Extracted data entries:
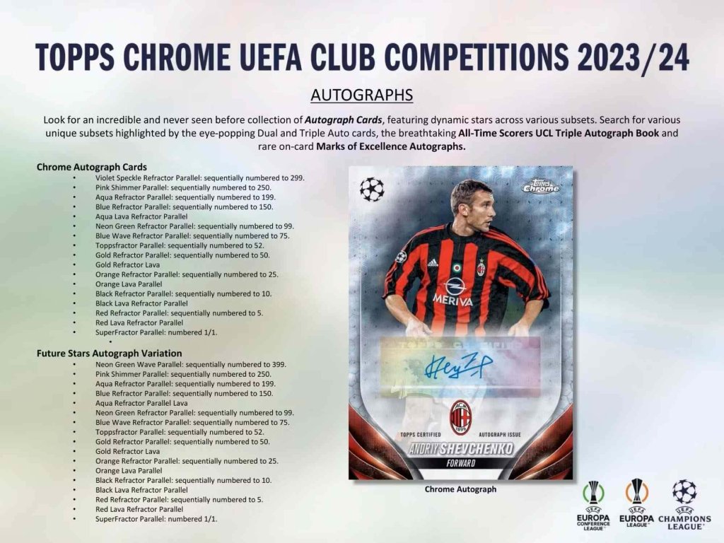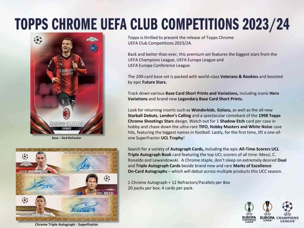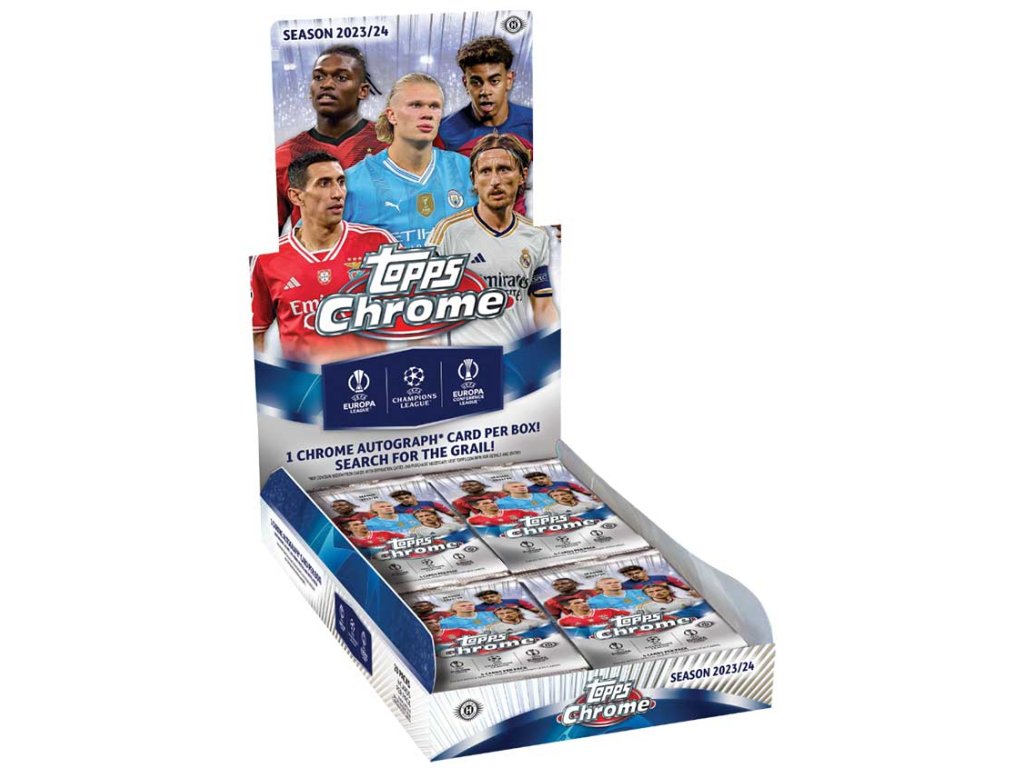 Společnost Topps s potěšením představuje vydání Topps Chrome pro klubové soutěže UEFA 2023/24. Tato prémiová sada je zpět a je lepší než kdy dříve a obsahuje největší hvězdy Ligy mistrů UEFA, Evropské ligy UEFA a Evropské konferenční ligy UEFA.
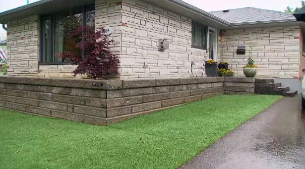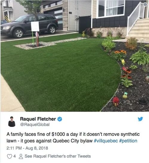 不需维护、不用浇水,不再剪草、只闻花香……由于魁北克城房主Martin Dignard一家患有严重的过敏症……一割草就犯病……于是他在屋前院内种了真花,但却选铺了并不便宜的合成草坪。
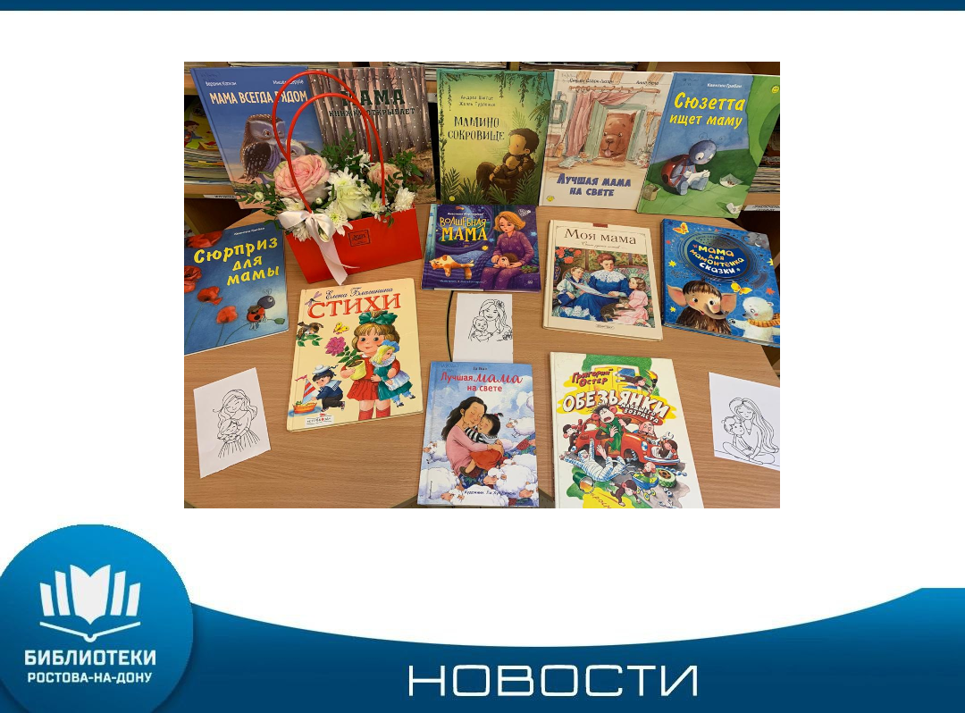 В преддверии праздника Дня матери в России в Детской библиотеке имени В. В. Маяковского провели литературное путешествие «Праздник мамы» для воспитанников ростовского садика № 71. Ребята поделились своими планами на последнее воскресенье ноября, когда в России отмечают особый праздник - День матери, рассказали о том, как поздравят своих мам: подарят рисунки, цветы из бумаги, стихи, танцы, торты. Мальчикам и девочкам понравилась добрая история «Мама для мамонтёнка» (автор – Дина Непомнящая), весёлая ...
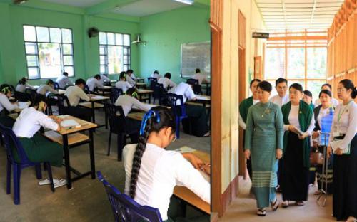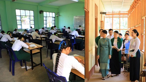 ပြည်ထောင်စုဝန်ကြီး ဒေါက်တာချောချောစိန် ၂၀၂၆ ခုနှစ် တက္ကသိုလ်ဝင်စာမေးပွဲ ဒုတိယနေ့ အင်္ဂလိပ်စာဘာသာရပ် ကျောင်းသား ကျောင်းသူများ အေးချမ်းစွာဖြေဆိုနေမှု ကြည့်ရှုအားပေး
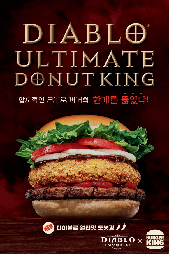 △프리미엄 햄버거 브랜드 버거킹이 '블리자드 엔터테인먼트'의 '디아블로 이모탈'과 다양한 협업 이벤트를 진행한다. 26일까지 진행되는 이번 메인 이벤트는 버거킹과 디아블로 이모탈을 즐길 수 있는 다양한 혜택을 담았다. 특별 웹사이트를 방문한 고객은 방문만으로 '디아블로 얼티밋 도넛킹' 세트업 쿠폰을 받을 수 있다. 특별 웹사이트를 통해 버거킹 앱으로 접속 시 디아블로 이모탈 한정판 굿즈를 받을 수 있는 '디아블로 이모탈 굿즈 럭키 릴레이 이벤트'에도 응모 가능하다. 이벤트를 통해 '해골왕 스태츄', '디아블로 이모탈 헤드폰' 등 한정판 굿즈와 '와퍼 세트 교환권' 등 경품 1000개를 증정한다. 해골왕 스태츄를 뺀 6가지 경품의 경우, 매주 당첨자가 2배씩 늘어나도록 해 풍성하게 즐길 수 있도록 했다. 오는 9일 배민쇼핑라이브도 진행한다. 9일 저녁 7시부터 8시까지 1시간 동안 진행되는 배민쇼핑라이브에서는 정가 1만 5000원의 버거킹 상품권을 1만 2000원에 한정 수량으로 만나볼 수 있다.
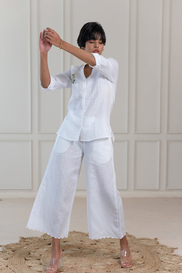 MARTHA LINEN CUTWORK PANTS - White
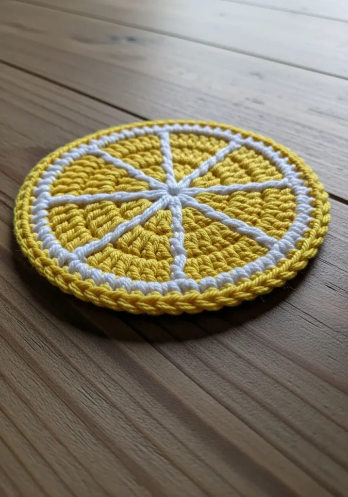 This bright yellow crochet coaster is designed like a fresh lemon slice, with white segment lines stitched from the center outward. The round shape and layered colors create a juicy, eye catching look, while the tight stitches keep it sturdy and flat. It is cheerful and functional at the same time.
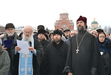На молебне пел хор Покровского Хотькова монастыря.
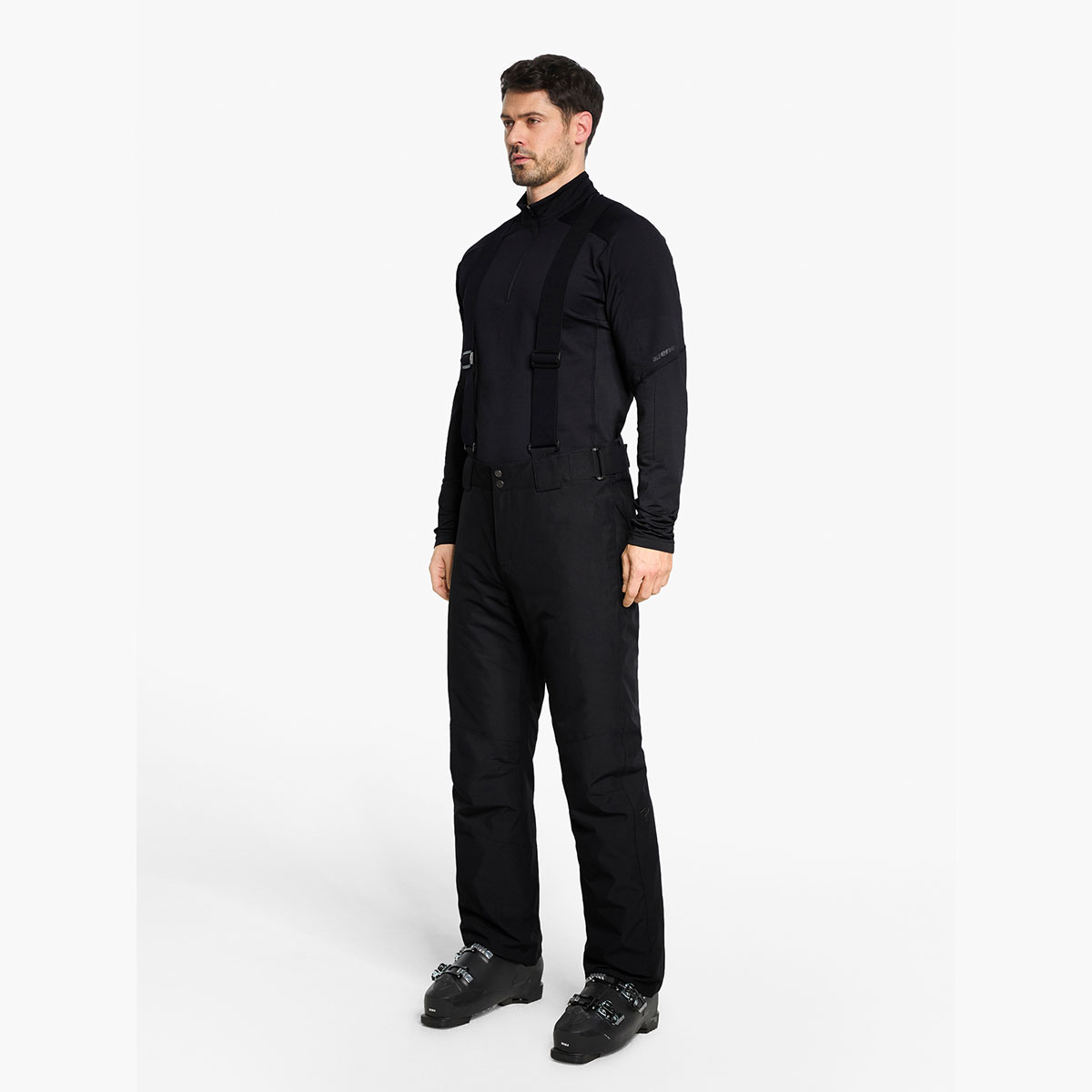 The functional, padded ZIENER men's ski pants TAGA-Z MAN with adjustable waistband impress with their classic look. The fixed suspenders make these pants a fashionable highlight on the slopes. They are equipped with the breathable, waterproof and windproof ZIENER AQUASHIELD® membrane (water column 10,000mm/breathability 10,000g/m²/24h). This ensures a warm and dry climate. An 80g/m² padding made of breathable and lightweight insulation material maintains the thermal balance even when damp - for a particularly high level of comfort. The waterproofing of the pants is PFAS-free. The outer fabric is bluesign® and Standard 100 by OEKO-TEX® certified. The seams are taped. Two side pockets provide plenty of storage space. Technical details such as a fixed snow skirt, reinforced edge guard and an adjustable waistband with belt loops contribute to a high level of functional comfort
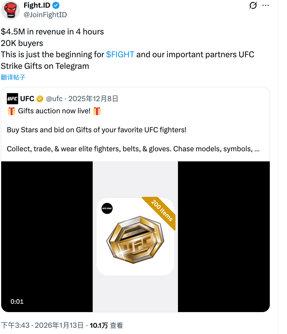 2025 年 12 月 7 日,Fight.ID 配合当周的 UFC 赛事,在 Telegram 就上做了一场数字藏品活动。
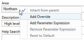 Having made use of an expression to control a tag's configuration, you can choose to override that value in a given child tag. For example, a child tag which would otherwise inherit the area value "North County" might be assigned the area "South Street". When a value that would otherwise be based on a calculation is changed, this is called an "override". Assigning a value to a field that has no expression does not override anything and is simply called "assigning a value". The difference can be seen in the color that the field will turn: orange for overrides, and green for simple assignments.

• [Exercise aim] Your answer should consist of the lines above between those holding "В преддверии праздника" and "ပြည်ထောင်စုဝန်ကြီး ဒေါက်တာချောချောစိန် ၂၀၂၆", inclusive, reproduced word for word and without pictures.

• [Task response]
 В преддверии праздника Дня матери в России в Детской библиотеке имени В. В. Маяковского провели литературное путешествие «Праздник мамы» для воспитанников ростовского садика № 71. Ребята поделились своими планами на последнее воскресенье ноября, когда в России отмечают особый праздник - День матери, рассказали о том, как поздравят своих мам: подарят рисунки, цветы из бумаги, стихи, танцы, торты. Мальчикам и девочкам понравилась добрая история «Мама для мамонтёнка» (автор – Дина Непомнящая), весёлая ...
 ပြည်ထောင်စုဝန်ကြီး ဒေါက်တာချောချောစိန် ၂၀၂၆ ခုနှစ် တက္ကသိုလ်ဝင်စာမေးပွဲ ဒုတိယနေ့ အင်္ဂလိပ်စာဘာသာရပ် ကျောင်းသား ကျောင်းသူများ အေးချမ်းစွာဖြေဆိုနေမှု ကြည့်ရှုအားပေး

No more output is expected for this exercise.